A couple days ago, I made a Twitter to see how I was getting traffic here from Twitter (thank you for your support, Homeschoolers Anonymous; it genuinely made me feel like my voice actually matters, and I deeply appreciate it).
I had no idea I would be actually using Twitter, let alone that I would be using it so much, so soon, while crying my eyes out the whole time.

I’m not very good at this limited character thing, so I figured I’d take a break to gather my thoughts.
By now, you should have heard about the shooting in Santa Barbara.

Most of what I think needs to be said most has already been said on The Belle Jar. I’d especially like to highlight:

“We don’t know if Elliot Rodger was mentally ill. We don’t know if he was a “madman.” We do know that he was desperately lonely and unhappy, and that the Men’s Rights Movement convinced him that his loneliness and unhappiness was intentionally caused by women. Because this is what the Men’s Rights Movement does: it spreads misogyny, it spreads violence, and most of all it spreads a sense of entitlement towards women’s bodies. Pretending that this is the a rare act perpetrated by a “crazy” person is disingenuous and also does nothing to address the threat of violence that women face every day. We can’t just write this one off – we need to talk about all of the fucked up parts of our culture, especially the movements that teach men that they have the right to dominate and intimidate and violate women, that lead to this, and we need to change things. Because if we don’t, I guarantee that this will happen again. And again. And again.”

I’ve learned over the last year to avoid Facebook in the wake of these tragedies, because an overwhelming amount of people respond by immediately blaming mental illness. You see, according to some of these people, it is only possible to do such a thing if you are mentally ill. Committing violence, according to them, by definition makes you “insane.”
Look, I can’t actually explain how wrong and completely untrue that is right now. I just can’t even.  Maybe in a future post, but for now, I just want to say that it hurts. It hurts so much to see things like that and be left to wonder if these people, people I admire and people I care about and people I thought loved me, think that I am just violent outburst waiting to happen, just because I have an illness. It doesn’t matter how many times I explain that mentally ill people are far more likely to be victims of violent crimes than perpetrators, or that the majority of people with mental illnesses are no more likely to be violent than people without mental illnesses, or that the vast majority of people who are violent do not have a mental illness. It doesn’t seem to matter how much evidence I provide; they still insist that mental illness is blame. Then they suggest that mentally ill people should be locked up, or put on lists, or forbidden from having children (eugenics much?), and I find myself feeling not only emotionally wounded but deeply afraid for my own freedom.

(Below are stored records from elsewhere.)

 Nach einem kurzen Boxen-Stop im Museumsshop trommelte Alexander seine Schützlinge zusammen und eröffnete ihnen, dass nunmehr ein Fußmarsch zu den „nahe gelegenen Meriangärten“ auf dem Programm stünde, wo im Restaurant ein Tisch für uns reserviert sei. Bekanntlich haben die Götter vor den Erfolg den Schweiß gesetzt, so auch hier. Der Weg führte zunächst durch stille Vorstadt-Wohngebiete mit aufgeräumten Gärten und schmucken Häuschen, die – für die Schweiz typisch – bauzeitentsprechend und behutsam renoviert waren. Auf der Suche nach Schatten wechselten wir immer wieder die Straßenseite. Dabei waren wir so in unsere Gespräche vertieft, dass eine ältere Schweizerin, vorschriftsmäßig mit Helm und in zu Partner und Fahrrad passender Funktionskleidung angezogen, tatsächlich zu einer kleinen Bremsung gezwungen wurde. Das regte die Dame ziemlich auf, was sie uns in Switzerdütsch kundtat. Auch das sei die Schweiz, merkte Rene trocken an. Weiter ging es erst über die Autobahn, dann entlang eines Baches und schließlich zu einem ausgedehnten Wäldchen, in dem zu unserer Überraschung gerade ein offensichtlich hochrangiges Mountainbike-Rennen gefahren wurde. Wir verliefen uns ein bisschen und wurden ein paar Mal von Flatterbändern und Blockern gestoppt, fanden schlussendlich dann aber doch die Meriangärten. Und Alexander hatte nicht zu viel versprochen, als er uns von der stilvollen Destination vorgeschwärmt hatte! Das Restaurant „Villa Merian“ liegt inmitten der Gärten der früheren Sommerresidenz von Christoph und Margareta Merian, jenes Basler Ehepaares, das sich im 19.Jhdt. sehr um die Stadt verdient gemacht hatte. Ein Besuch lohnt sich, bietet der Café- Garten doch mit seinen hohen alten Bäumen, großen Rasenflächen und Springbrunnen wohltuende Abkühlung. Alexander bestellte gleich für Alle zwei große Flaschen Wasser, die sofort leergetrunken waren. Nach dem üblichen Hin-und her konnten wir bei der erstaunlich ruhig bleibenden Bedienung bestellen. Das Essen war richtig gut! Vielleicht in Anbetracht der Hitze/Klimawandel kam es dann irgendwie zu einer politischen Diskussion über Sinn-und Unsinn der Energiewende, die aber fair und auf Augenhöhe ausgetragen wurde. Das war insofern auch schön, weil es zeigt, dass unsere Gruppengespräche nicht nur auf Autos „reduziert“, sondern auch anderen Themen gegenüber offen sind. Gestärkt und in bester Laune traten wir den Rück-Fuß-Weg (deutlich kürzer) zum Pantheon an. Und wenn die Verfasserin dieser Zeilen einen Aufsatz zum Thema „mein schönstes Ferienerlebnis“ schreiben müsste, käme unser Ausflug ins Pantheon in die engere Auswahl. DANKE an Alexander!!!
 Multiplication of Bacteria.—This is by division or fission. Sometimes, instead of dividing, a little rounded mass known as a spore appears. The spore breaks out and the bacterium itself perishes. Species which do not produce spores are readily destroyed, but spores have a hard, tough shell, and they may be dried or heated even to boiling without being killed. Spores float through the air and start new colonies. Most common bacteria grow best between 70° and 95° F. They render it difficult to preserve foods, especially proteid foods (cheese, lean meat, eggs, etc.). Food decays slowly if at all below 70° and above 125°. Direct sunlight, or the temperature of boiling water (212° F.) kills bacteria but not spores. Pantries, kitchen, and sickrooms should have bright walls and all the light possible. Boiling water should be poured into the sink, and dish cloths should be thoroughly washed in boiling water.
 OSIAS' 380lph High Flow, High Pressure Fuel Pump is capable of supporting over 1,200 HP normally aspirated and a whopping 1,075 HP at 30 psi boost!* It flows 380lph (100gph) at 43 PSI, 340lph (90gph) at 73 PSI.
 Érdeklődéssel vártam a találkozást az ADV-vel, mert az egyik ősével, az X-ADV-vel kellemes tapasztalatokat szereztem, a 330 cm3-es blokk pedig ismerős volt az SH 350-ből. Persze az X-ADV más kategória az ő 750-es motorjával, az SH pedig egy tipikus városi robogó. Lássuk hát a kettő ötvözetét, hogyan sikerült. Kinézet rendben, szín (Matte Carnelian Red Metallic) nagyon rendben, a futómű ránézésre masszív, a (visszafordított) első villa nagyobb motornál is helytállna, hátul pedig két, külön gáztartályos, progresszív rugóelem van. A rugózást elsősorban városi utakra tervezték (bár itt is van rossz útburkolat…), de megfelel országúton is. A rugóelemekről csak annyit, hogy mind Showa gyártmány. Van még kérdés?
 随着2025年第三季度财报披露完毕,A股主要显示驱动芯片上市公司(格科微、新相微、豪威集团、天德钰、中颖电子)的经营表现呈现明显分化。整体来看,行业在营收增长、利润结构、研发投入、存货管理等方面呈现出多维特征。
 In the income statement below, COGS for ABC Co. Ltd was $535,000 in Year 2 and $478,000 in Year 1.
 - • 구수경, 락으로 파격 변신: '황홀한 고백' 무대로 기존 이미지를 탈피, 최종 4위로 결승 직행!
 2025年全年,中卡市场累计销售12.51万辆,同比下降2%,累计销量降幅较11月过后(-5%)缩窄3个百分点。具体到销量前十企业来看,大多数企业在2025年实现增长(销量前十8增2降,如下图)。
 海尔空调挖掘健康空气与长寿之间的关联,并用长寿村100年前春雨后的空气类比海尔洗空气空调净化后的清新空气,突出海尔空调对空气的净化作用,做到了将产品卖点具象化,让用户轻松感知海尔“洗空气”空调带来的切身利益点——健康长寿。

I had already had kind of a rough day. You see, I got these text messages – the guy said it was a “wrong number,” but then kept texting because he was “bored, waiting for a friend.” Maybe this is weird, but I’ve actually had quite a few conversations with “wrong numbers,” so I didn’t really think too much of it and kept texting. Unsurprisingly, after revealing my first name (which is an extremely common woman’s name), he asked for “pics.” Not in the mood to attempt to educate a stranger on how this sort of thing can make people extremely uncomfortable, I simply politely declined and expected the conversation to end. Instead, he asked if I “wanted to make some money” and then offered me $700 to go shopping with him.
If you’re familiar with how sex trafficking tends to go down in the U.S., this is a giant bloody red flag. My inner alarm bells were screaming. And it occurred to me that this may not have been a “wrong number” at all – he may have seen my picture somewhere and tracked down my number, or he might simply be texting random numbers until he gets a response that seems promising. I imagined a younger, less informed person getting the same messages – say, an underage girl from a low-income family who knows her parents would never allow her to meet this person, but sees the chance to go on a shopping spree like she couldn’t even imagine, and who thinks this person just sounds friendly and generous. I imagined some girl who has no idea what she’s being lured into falling for this, and ending up in this guy’s car, and never coming home.
I won’t go into all the thoughts I had, all the possible courses of action I considered, from just calling 911 to just doing nothing and praying he was just a lonely guy with a lot of cash. I don’t have the energy at the moment to explain all the reasons why this was a complicated decision for me (maybe in a future post, when I’m not writing primarily for the purpose of processing my own emotions), but in the end I decided to contact the Polaris Project.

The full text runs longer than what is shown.